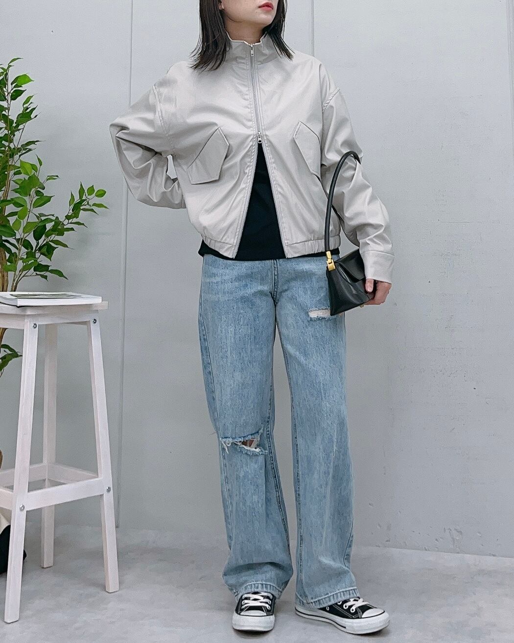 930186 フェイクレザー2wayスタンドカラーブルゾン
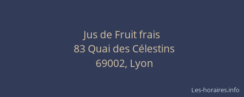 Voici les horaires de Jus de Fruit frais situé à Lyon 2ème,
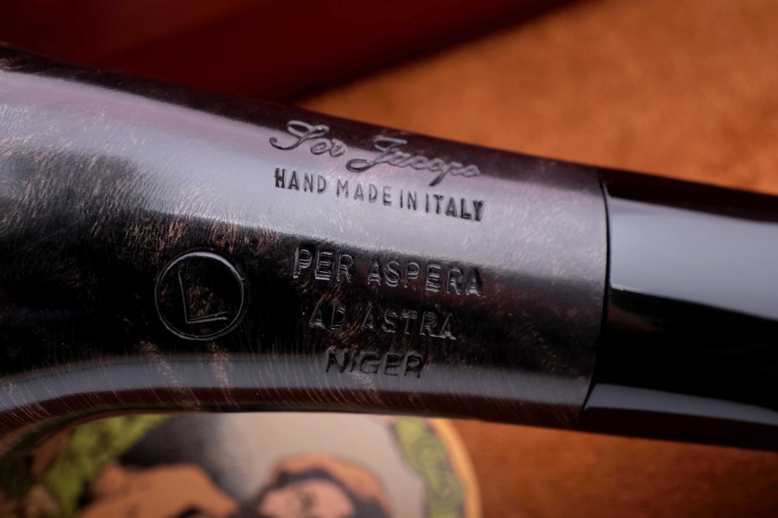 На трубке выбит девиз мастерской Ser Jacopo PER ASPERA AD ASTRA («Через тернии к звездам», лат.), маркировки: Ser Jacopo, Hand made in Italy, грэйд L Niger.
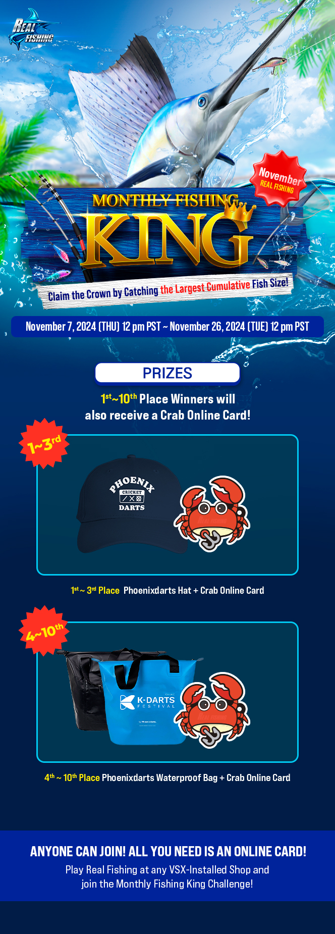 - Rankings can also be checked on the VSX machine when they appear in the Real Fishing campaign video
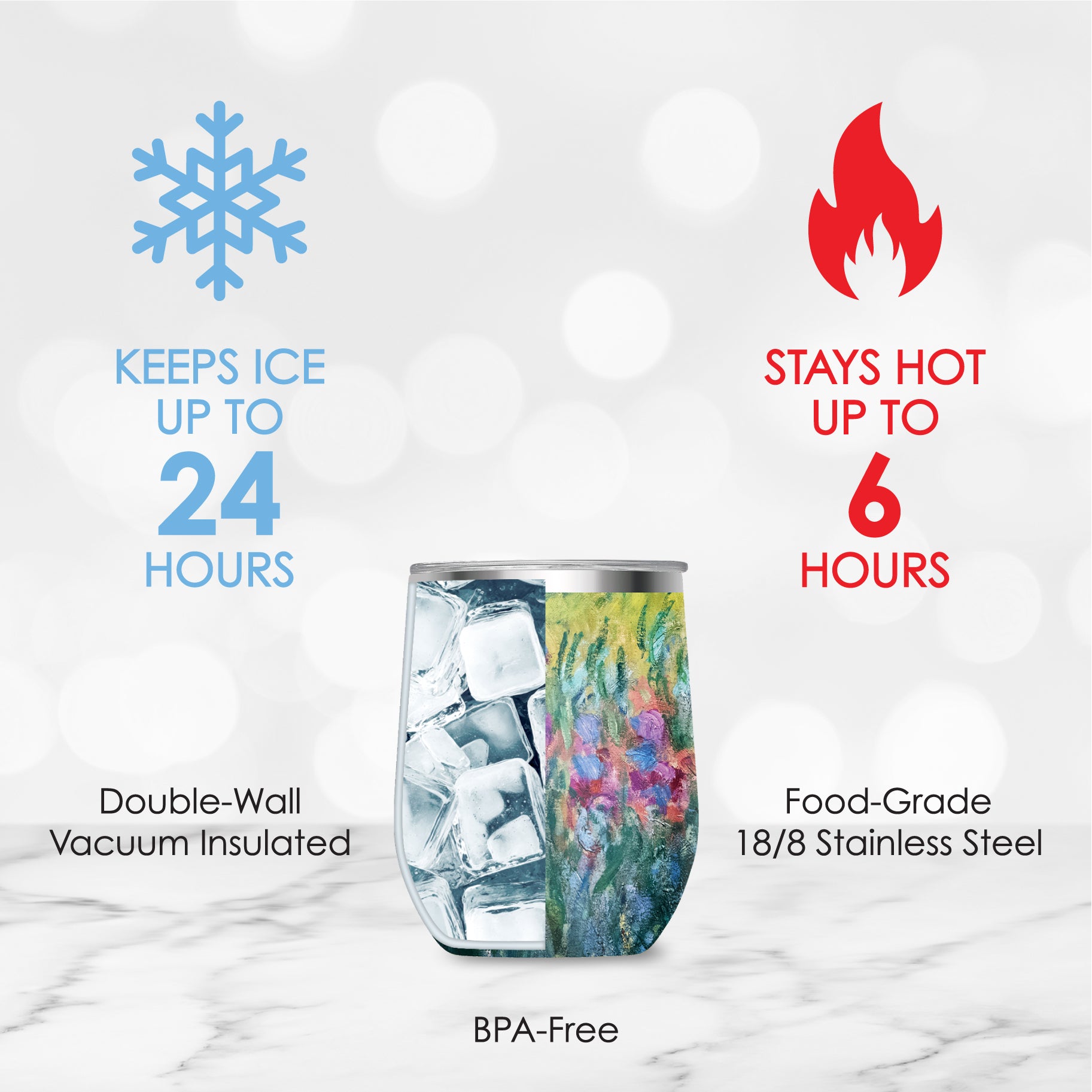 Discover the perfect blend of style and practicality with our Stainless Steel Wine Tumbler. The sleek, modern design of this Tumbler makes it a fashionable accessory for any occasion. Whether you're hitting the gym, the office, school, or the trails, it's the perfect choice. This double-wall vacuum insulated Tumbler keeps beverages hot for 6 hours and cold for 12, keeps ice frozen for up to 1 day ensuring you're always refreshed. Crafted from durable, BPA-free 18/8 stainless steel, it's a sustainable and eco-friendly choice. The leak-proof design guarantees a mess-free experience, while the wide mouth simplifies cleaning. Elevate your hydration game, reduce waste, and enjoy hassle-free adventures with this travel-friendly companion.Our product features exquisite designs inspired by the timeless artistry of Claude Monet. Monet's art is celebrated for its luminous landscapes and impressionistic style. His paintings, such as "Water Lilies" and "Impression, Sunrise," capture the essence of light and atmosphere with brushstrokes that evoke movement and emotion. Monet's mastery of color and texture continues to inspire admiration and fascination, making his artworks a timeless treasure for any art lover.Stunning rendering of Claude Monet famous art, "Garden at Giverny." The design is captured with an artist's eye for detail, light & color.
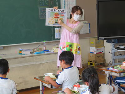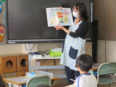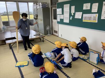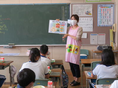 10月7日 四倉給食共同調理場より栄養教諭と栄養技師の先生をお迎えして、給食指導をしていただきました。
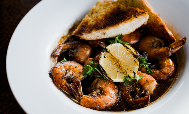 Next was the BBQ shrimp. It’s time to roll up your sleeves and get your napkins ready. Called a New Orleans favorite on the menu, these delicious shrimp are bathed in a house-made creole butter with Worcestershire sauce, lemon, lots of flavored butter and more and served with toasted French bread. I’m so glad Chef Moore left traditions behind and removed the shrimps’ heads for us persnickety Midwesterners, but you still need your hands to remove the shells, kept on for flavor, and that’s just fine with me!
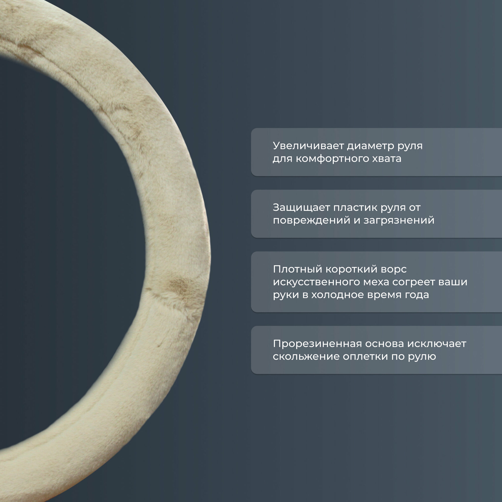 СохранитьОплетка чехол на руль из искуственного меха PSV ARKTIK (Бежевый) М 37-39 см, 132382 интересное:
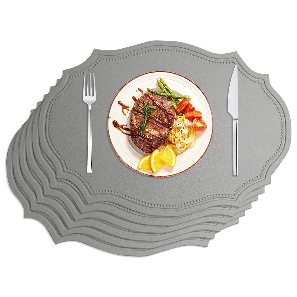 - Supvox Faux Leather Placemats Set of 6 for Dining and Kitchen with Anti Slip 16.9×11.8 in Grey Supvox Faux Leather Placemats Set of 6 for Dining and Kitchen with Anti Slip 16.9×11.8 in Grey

--

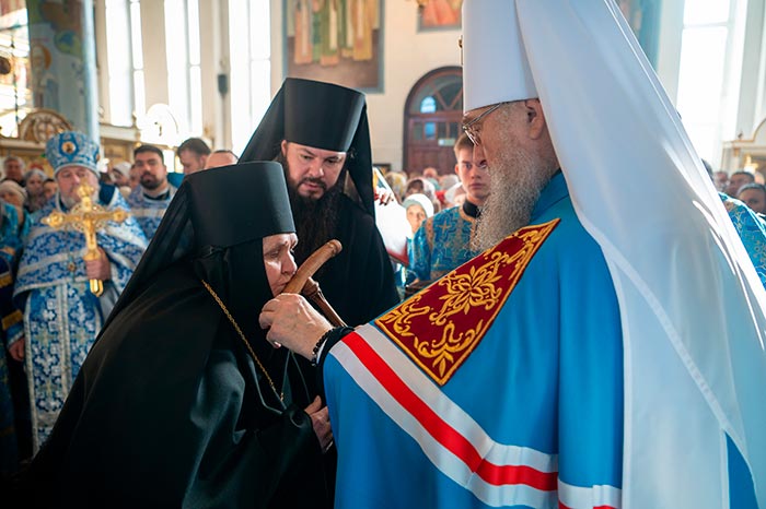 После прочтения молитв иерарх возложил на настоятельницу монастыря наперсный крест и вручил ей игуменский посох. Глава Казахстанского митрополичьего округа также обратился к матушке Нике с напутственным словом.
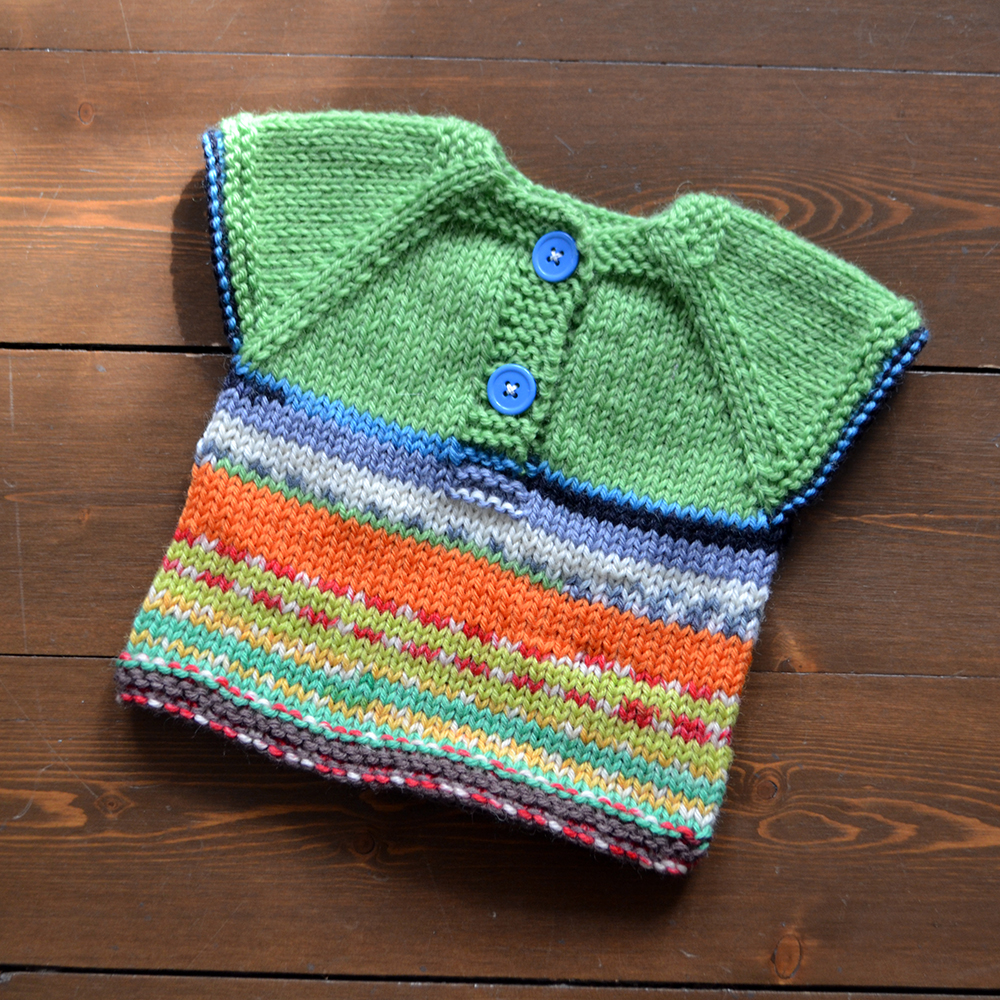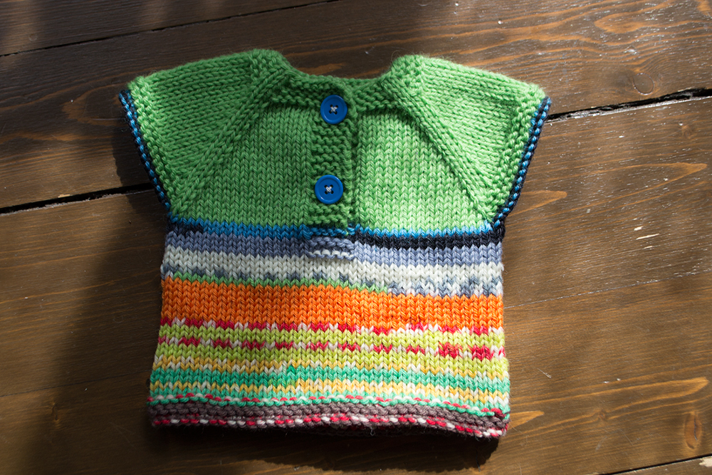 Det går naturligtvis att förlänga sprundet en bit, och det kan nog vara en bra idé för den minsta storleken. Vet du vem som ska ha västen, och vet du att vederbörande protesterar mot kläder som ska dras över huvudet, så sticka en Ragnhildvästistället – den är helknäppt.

_EXERCISE DIRECTIONS_
What belongs in the answer is each line above from the line with "930186 フェイクレザー2wayスタンドカラーブルゾン" to the line with "10月7日 四倉給食共同調理", inclusive, reproduced exactly and free of pictures.

_ANSWER SPACE_
 930186 フェイクレザー2wayスタンドカラーブルゾン
 Voici les horaires de Jus de Fruit frais situé à Lyon 2ème,
 На трубке выбит девиз мастерской Ser Jacopo PER ASPERA AD ASTRA («Через тернии к звездам», лат.), маркировки: Ser Jacopo, Hand made in Italy, грэйд L Niger.
 - Rankings can also be checked on the VSX machine when they appear in the Real Fishing campaign video
 Discover the perfect blend of style and practicality with our Stainless Steel Wine Tumbler. The sleek, modern design of this Tumbler makes it a fashionable accessory for any occasion. Whether you're hitting the gym, the office, school, or the trails, it's the perfect choice. This double-wall vacuum insulated Tumbler keeps beverages hot for 6 hours and cold for 12, keeps ice frozen for up to 1 day ensuring you're always refreshed. Crafted from durable, BPA-free 18/8 stainless steel, it's a sustainable and eco-friendly choice. The leak-proof design guarantees a mess-free experience, while the wide mouth simplifies cleaning. Elevate your hydration game, reduce waste, and enjoy hassle-free adventures with this travel-friendly companion.Our product features exquisite designs inspired by the timeless artistry of Claude Monet. Monet's art is celebrated for its luminous landscapes and impressionistic style. His paintings, such as "Water Lilies" and "Impression, Sunrise," capture the essence of light and atmosphere with brushstrokes that evoke movement and emotion. Monet's mastery of color and texture continues to inspire admiration and fascination, making his artworks a timeless treasure for any art lover.Stunning rendering of Claude Monet famous art, "Garden at Giverny." The design is captured with an artist's eye for detail, light & color.
 10月7日 四倉給食共同調理場より栄養教諭と栄養技師の先生をお迎えして、給食指導をしていただきました。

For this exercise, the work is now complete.